==== DATA
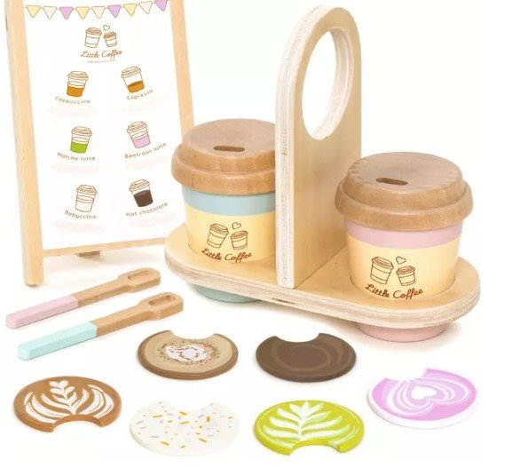Dětská dřevěná sada Káva s sebou se stane oblíbenou součástí každé malé kavárny i dětské kuchyňky.
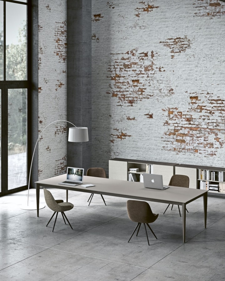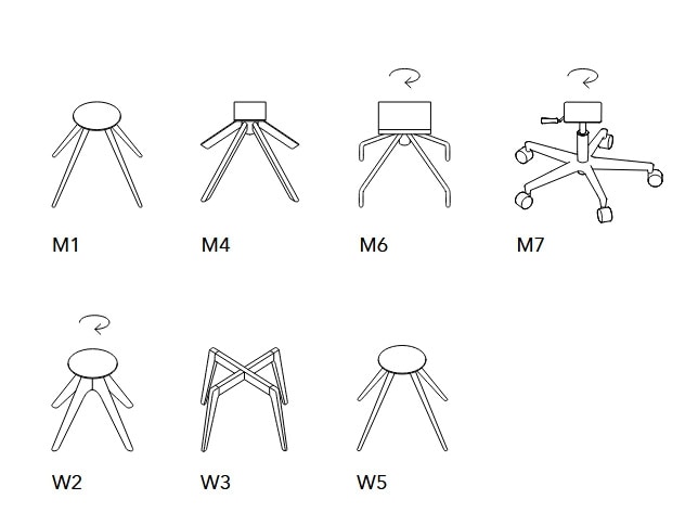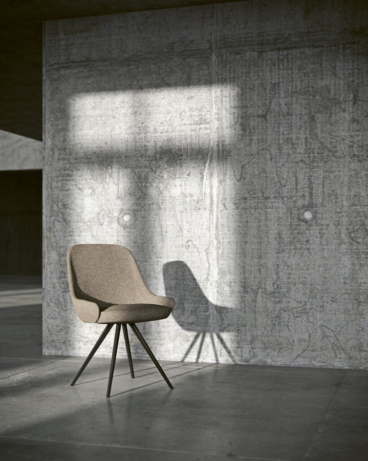 Silla con acolchado de espuma de poliuretano; Siete bajos diferentes disponibles, tres de los cuales son giratorio, en metal pintado o madera con diferentes acabados.
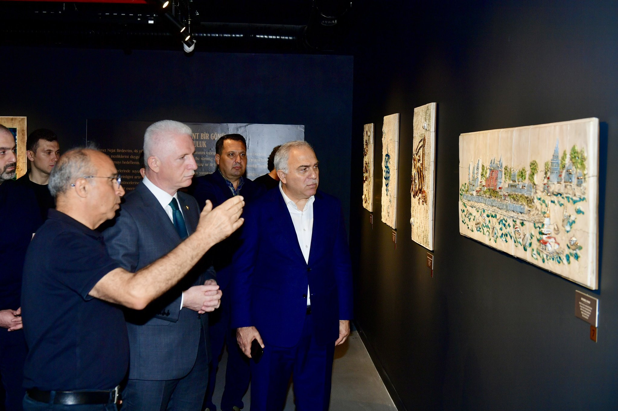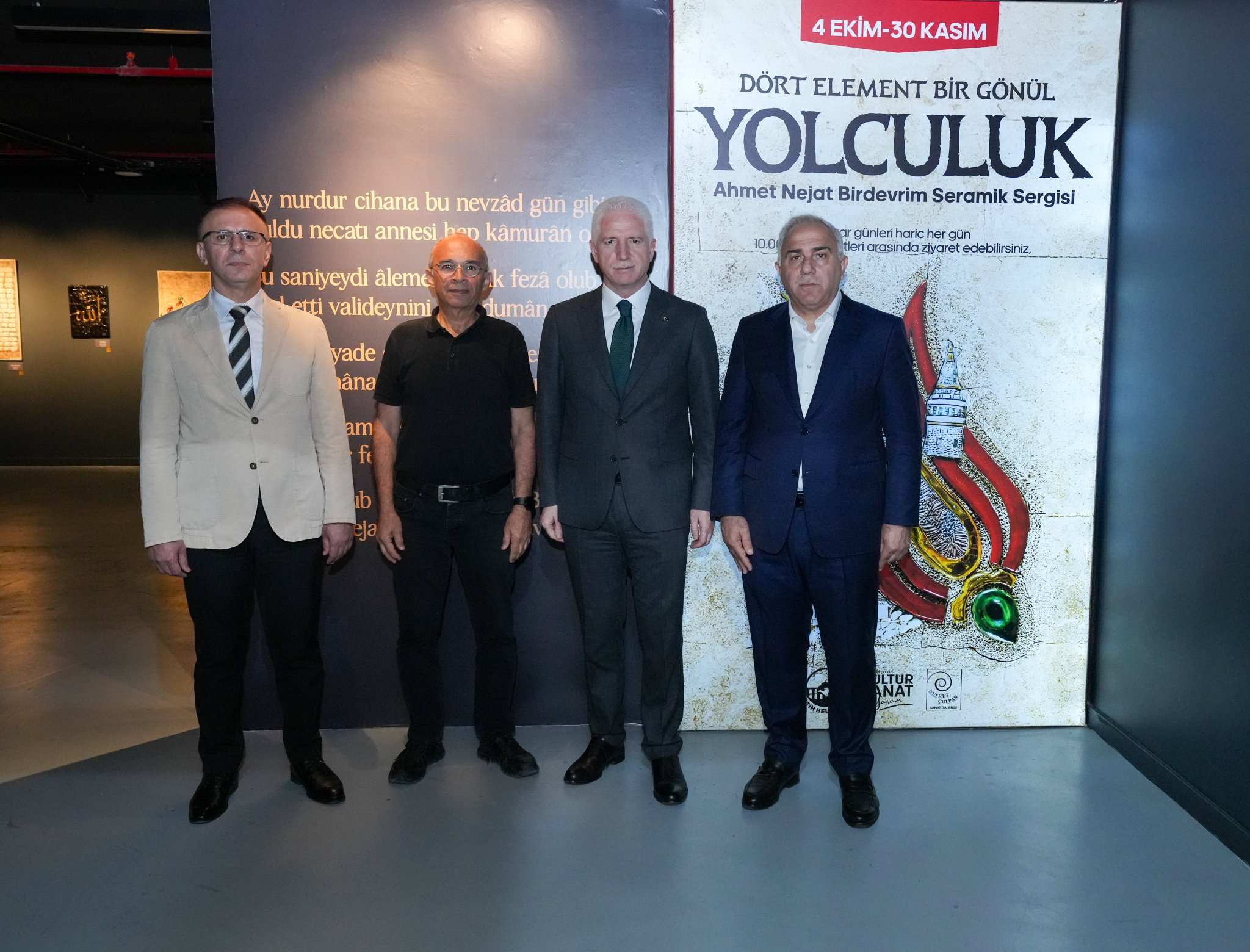İstanbul Valisi Davut Gül ile Fatih Belediye Başkanı M. Ergün Turan, seramik sanatçısı Ahmet Nejat Birdevrim’in “Dört Element Bir Gönül; Yolculuk” adlı sergisini Nusret Çolpan Sanat Galerisi’nde ziyaret etti. Başkan Turan, serginin 30 Kasım’a kadar süreceğini belirterek tüm hemşehrilerini davet etti.
========
● TASK TO COMPLETE
Quote the data above in full, leaving out the pictures it holds.

● RESULT OF THIS TASK
Dětská dřevěná sada Káva s sebou se stane oblíbenou součástí každé malé kavárny i dětské kuchyňky.
 Silla con acolchado de espuma de poliuretano; Siete bajos diferentes disponibles, tres de los cuales son giratorio, en metal pintado o madera con diferentes acabados.
İstanbul Valisi Davut Gül ile Fatih Belediye Başkanı M. Ergün Turan, seramik sanatçısı Ahmet Nejat Birdevrim’in “Dört Element Bir Gönül; Yolculuk” adlı sergisini Nusret Çolpan Sanat Galerisi’nde ziyaret etti. Başkan Turan, serginin 30 Kasım’a kadar süreceğini belirterek tüm hemşehrilerini davet etti.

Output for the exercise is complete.